Federal Officials Announce Expanded Program to Help Homeless Families in Child Welfare Systems

A successful pilot program aimed at helping homeless families with a history of child abuse or neglect will be expanded to several new areas, federal child welfare officials announced. The program helps families secure housing while also providing a variety of social services to help keep homeless children from landing in child welfare systems. Kelli Kennedy of The Associated Press has more on this turn of events:

The five-year, $35 million expansion to several areas across the country provides permanent housing for a few hundred families who have been homeless for at least a year, and had at least one case of child abuse or neglect. Homeless families are the fastest growing segment of the homeless population and account for more than one-third of overall homelessness, according to the U.S. Department of Health and Human Services.

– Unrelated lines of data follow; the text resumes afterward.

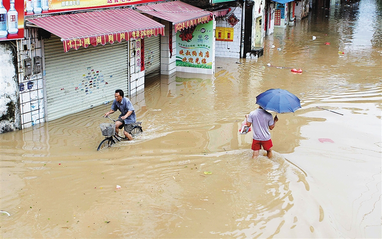 7月29日,广西钦州市中山路积水严重,人们涉水出行。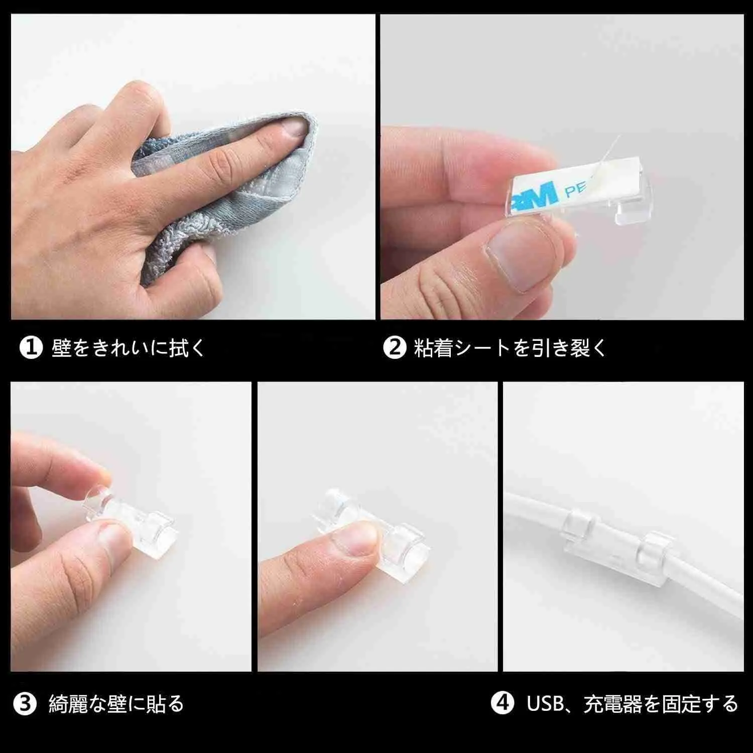 Para instalação do suporte organização cabos, basta retirar o papel protetor do adesivo 3m, colar na parede ou superfície limpa e seca e passar os cabos e fios como desejar.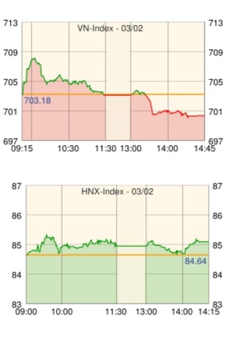 | VN指数 | 700.35 | -2.83 | -0.40 |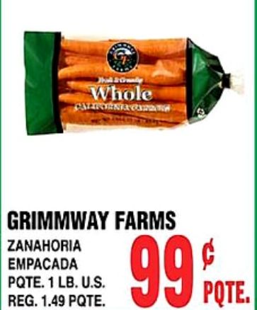 whole grimmway farms zanahoria empacada pqte u.s. reg. pqte. pote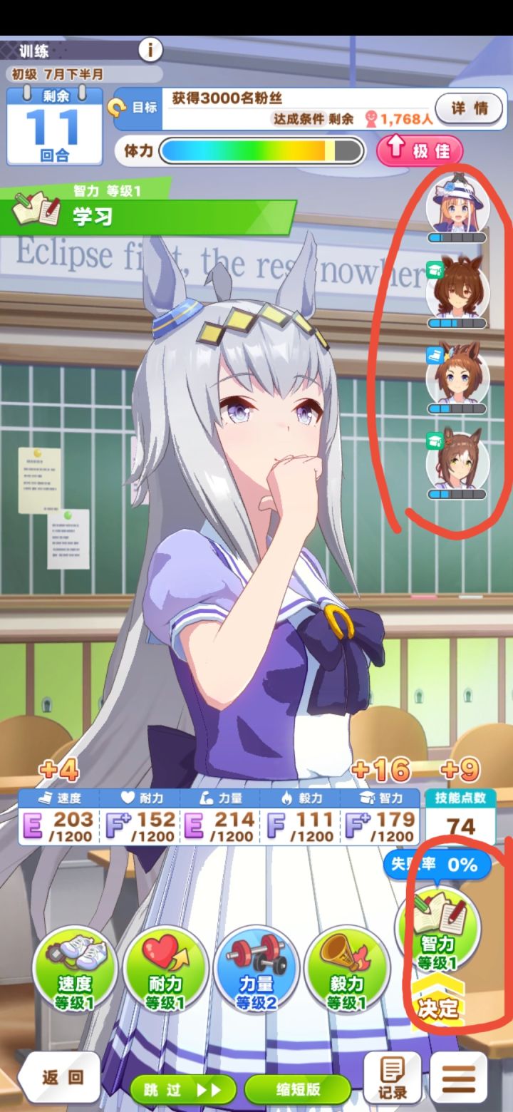 1.ura赛程固定,留意赛程,在中山大奖赛第一次到来前,如果有300左右的耐力,加上技能,进前五问题不大,不太容易翻车。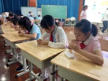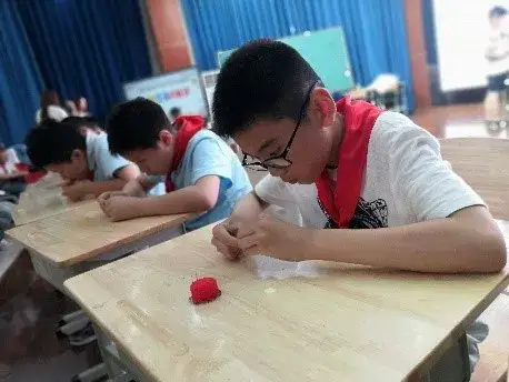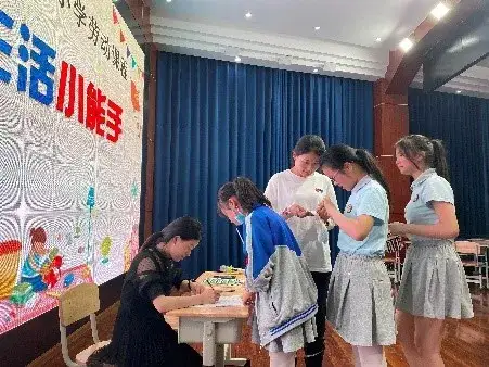六年级的难度再次升级,他们需要在五分钟内以十字交叉法缝制4颗四孔纽扣。原以为这个项目会难倒很多孩子,结果却出乎意料,孩子们捣鼓起针线来是游刃有余,得心应手呢!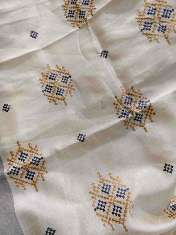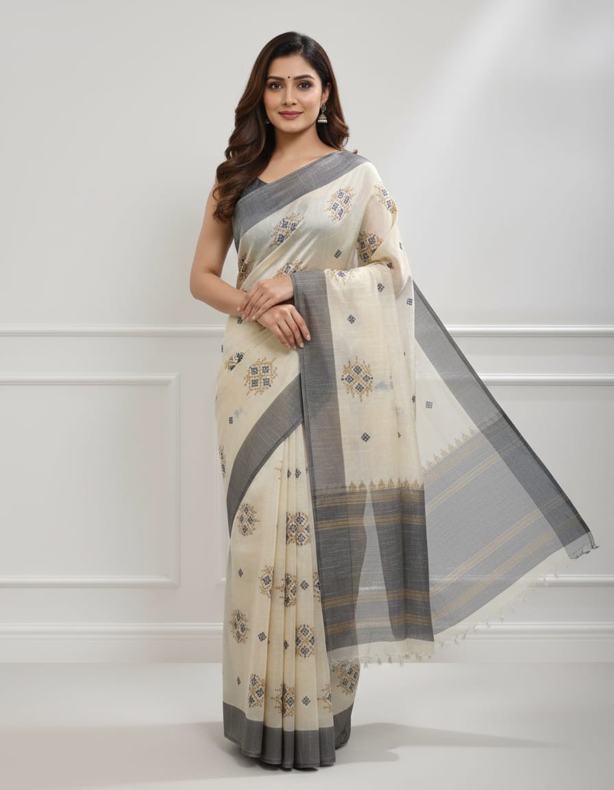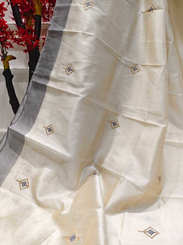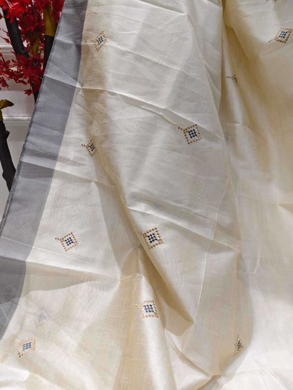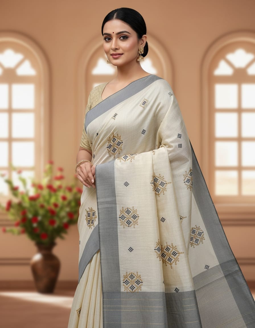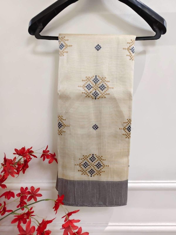 our Hand Stitched Matka Silk Saree adorned with intricate Rangoli Designs and a sophisticated Grey Border. Made from richly textured Matka silk, this saree reflects understated luxury and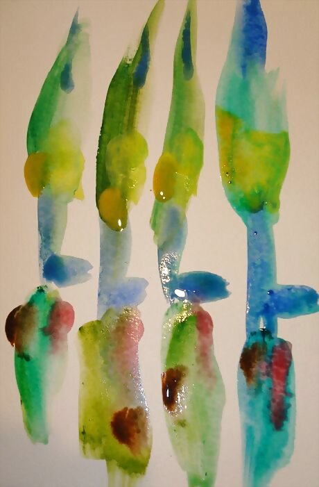 Remember that pale blue will always resemble and make viewers think of the sky. Yellow, exemplifies sunshine. Multi-colors look like sunrise or sunset. Just try to keep the background colors sheer and vibrant. Wipe with a tissue or dab out areas for fluffy clouds, if you wish.

The program is part of a push from child welfare officials to keep with their families whenever possible while providing services such as housing, job training, mental health treatment and parenting classes to create more stability. Officials say the approach is designed to address the fact that many child welfare workers are often unsure of how to handle cases involving homeless families:

“These are the complex families. These are the ones that child welfare systems struggle to know what the right set of resources are. These are the families that stay in the system longer because they have both the family related issues as well as poverty,” said Administration for Children and Families Commissioner Bryan Samuels.

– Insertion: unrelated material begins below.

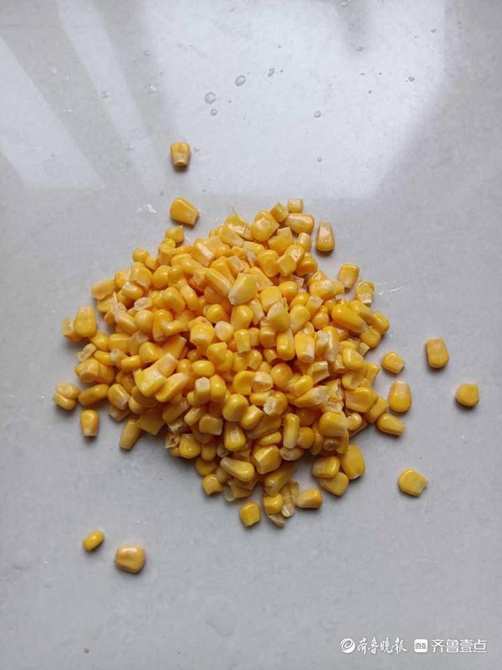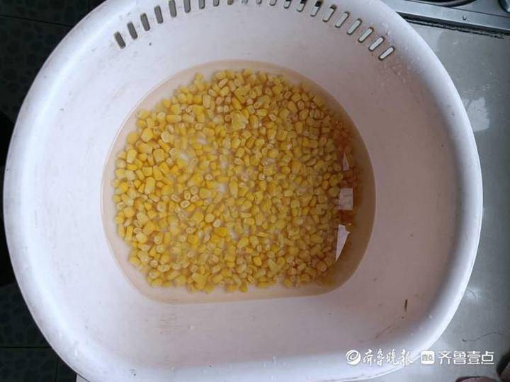 1、先把嫩玉米的颗粒弄下来,用水洗一下;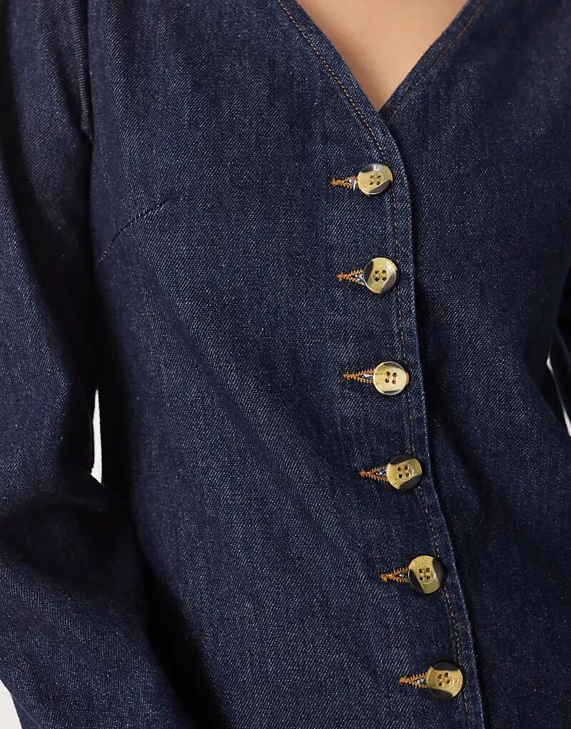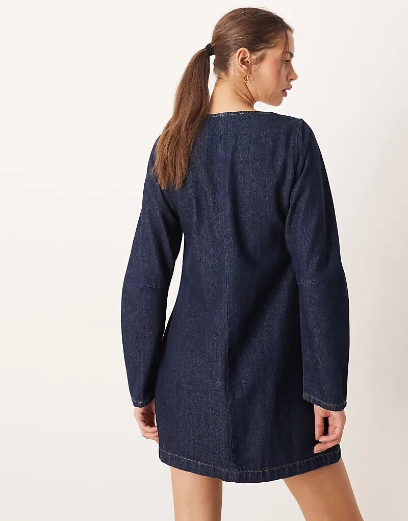 Джинсовое мини-платье ASOS DESIGN с V-образным вырезом и карманом, цвет «полосатый»

While there are a variety of issues involved with helping homeless families in child welfare systems–such as the need to consider the child’s imminent safety and long-term best interests–the pilot program’s success seems promising:

The housing program announced Wednesday builds on a pilot in New York City that started in 2007. Three years later, the majority of families had stable housing and school attendance improved steadily. Most families had no new abuse or neglect cases after moving to supportive housing and six children previously placed in foster care were reunited with their biological families, according to federal health officials.

The program will now expand to South Florida, San Francisco, Connecticut, Memphis, Tenn. and Cedar Rapids, Iowa. Each region will be allowed to modify the program as needed to suit local needs. It’s believed that the savings in child welfare services will mostly defray the cost of the program, as it did in New York City.

Details are still pending on implementation, but officials have made it clear they are committed to the program’s continued success:

“We’re not placing a limit. What we want to do is get the best result for kids and families,” Samuels said. “We have said to these communities they can use these resources as long as they need to serve them in order to see their success.”